Structured Query Language/SELECT: IS NULL Predicate

From Wikibooks, open books for an open world
Jump to navigation Jump to search


When creating new rows, it may occur that we don't know the value of one or more columns.

Let's assume that we want to store information about banking accounts, and for one of those accounts we don't know the balance. What can we do? There are several possibilities:

  • Reject the whole row with all other information like account number, dispositional credit, interest rate, ... . Not very attractive.
  • Store a default value instead of the value we currently don't know. But there are cases where it is impossible to define a default value because every value is possible, e.g., a bank account of '0' or '-1' is not unusual.
  • Store a flag that signals that no value is stored. This approach is similar to the Not-a-Number technique.

Relational DBMS uses the last mentioned technique, and the sense of the flag is 'there is no value stored'. Sometimes people say 'The NULL value is stored' or 'The NULL special marker is stored'.

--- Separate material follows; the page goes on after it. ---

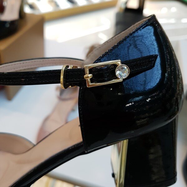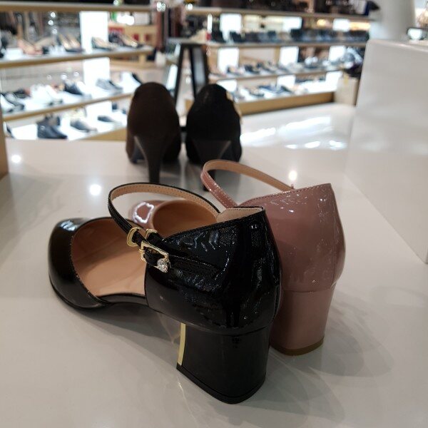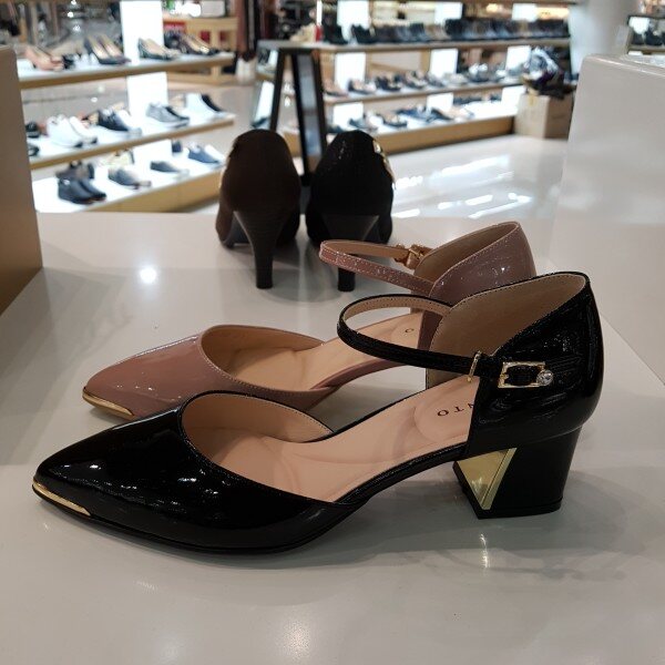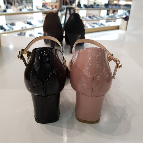 부드럽고 편안한 에나멜소재와 5센치높이의 넓은굽에 양쪽이 오픈된 메리제인 타입의 힐스타일로 편안함과 멋스러움을 동시에 충족시킬수있는 구두입니다 스커트뿐만아니라 청바지에도 잘어울려 데일리슈즈로적합한타입입니다

Extension of Boolean Logic[edit | edit source]

Assume there is a table for banking accounts, and some of its rows hold the NULL special marker in the column balance. Do those rows fulfill at least one of the two WHERE conditions 'balance >= 0' or 'balance <= 0'? No. It is not possible to decide whether these conditions are true or false! Honestly, we must admit that we don't know an answer in our usual true/false logic because we don't know a value for balance. We are forced to extend the range of boolean values with a third one, which we call unknown. The two conditions above evaluate neither true nor false; both evaluate to 'unknown' for rows where balance holds the NULL special marker.

In a later stage, we need definitions for the boolean operators NOT, AND, OR, and EQUAL when true/false interact with unknown. You find the definitions here.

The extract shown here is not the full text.